The total time elapsed until completion of each session was also recorded. Throughout the sessions, the animals were not once handled by the experimenter, which is a key modification of the usual T-maze task. Continuous handling of the animals might induce fear, and the anxious animal would react either by long freezing responses or refusal to run in the maze. This would cause disruptions in the continuation of the experiment, and also increase the duration of the trials (Gerlai 1998; Wu et al. 2018).

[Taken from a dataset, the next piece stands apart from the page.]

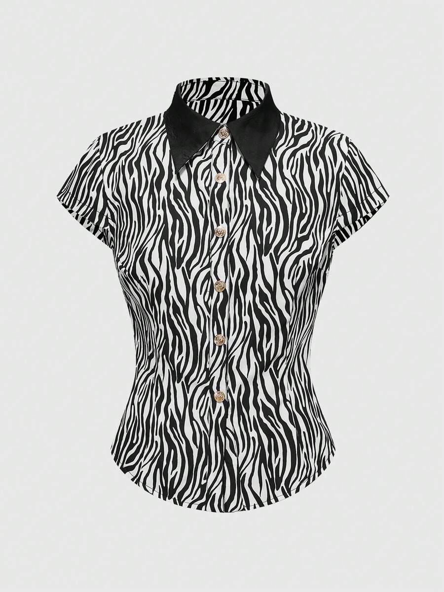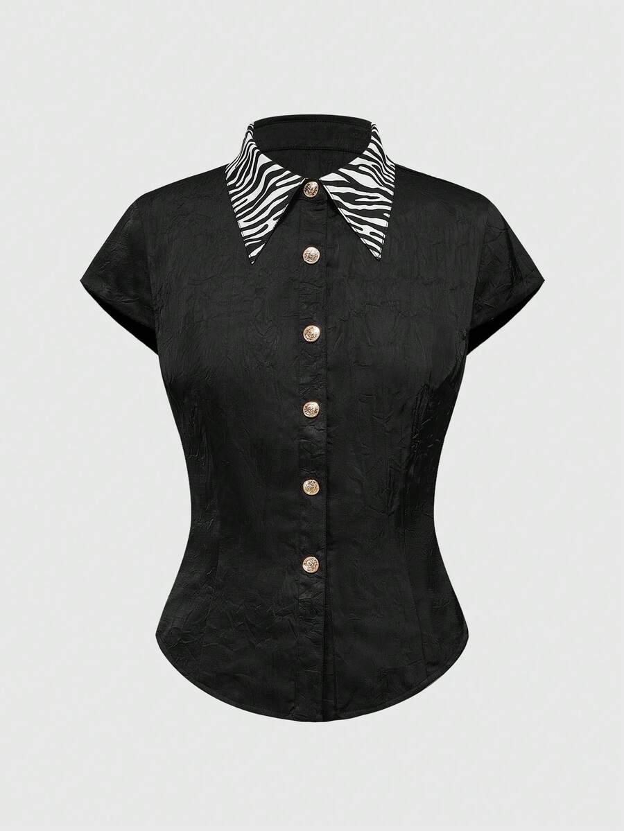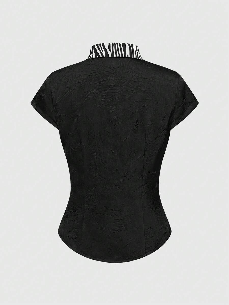 J-Fashion Camicia basic reversibile stile Harajuku Y2K con stampa leopardo nero

Novel object recognition test (NORT)

The object recognition apparatus (VJ Instruments, India) was made of an enclosed plexiglass box with a black colored floor (70 × 60 × 30 cm). The experiment was performed according to the procedure described in Ozarowski et al. (2013). Post the habituation trial on the 13th day, the test conducted the next day was divided into three phases – acquisition, inter-trial interval and retention trials. In the acquisition trial on the test day, two identical objects (A1 and A2; biologically inert substance – plastic, sufficiently weighted to stay put) were placed in two opposite corners of the box. The animals were allowed to explore the objects for a period of 3 minutes. The behavior was termed as exploration when the animals’ nose was directed towards the object at a distance less than 2 cm and/or touching the object with the nose or sniffing at the object. However, leaning against, standing/sitting on the object and turning round were not noted as exploratory behavior. The animals were then returned to their cages for a period of 30 minutes. At the retention trial, one of the objects used in the acquisition trial was replaced with a novel object (B), and the rats were then allowed to explore the box individually for 3 minutes. The time spent in exploring the familiar (A) and novel (B) object were recorded separately, and the discrimination index (DI) was calculated as \(({\text{B}} - {\text{A}}) - /({\text{B}} + {\text{A}})\). A higher DI is reflective of a higher memory capacity.

Biochemical assays

Preparation of tissue homogenates

On completion of the behavioral tests on the 14th day, the rats were anesthetized and sacrificed by cervical dislocation. The brain tissue was rapidly excised and weighed. The tissue samples were then rinsed with cold normal saline, and then homogenized in 0.03 M sodium phosphate buffer (pH 7.4). The homogenates were used in the determination of acetylcholinesterase (AChE) and in the antioxidant assays of malondialdehyde (MDA), reduced glutathione (GSH), catalase (CAT) and nitrite estimation.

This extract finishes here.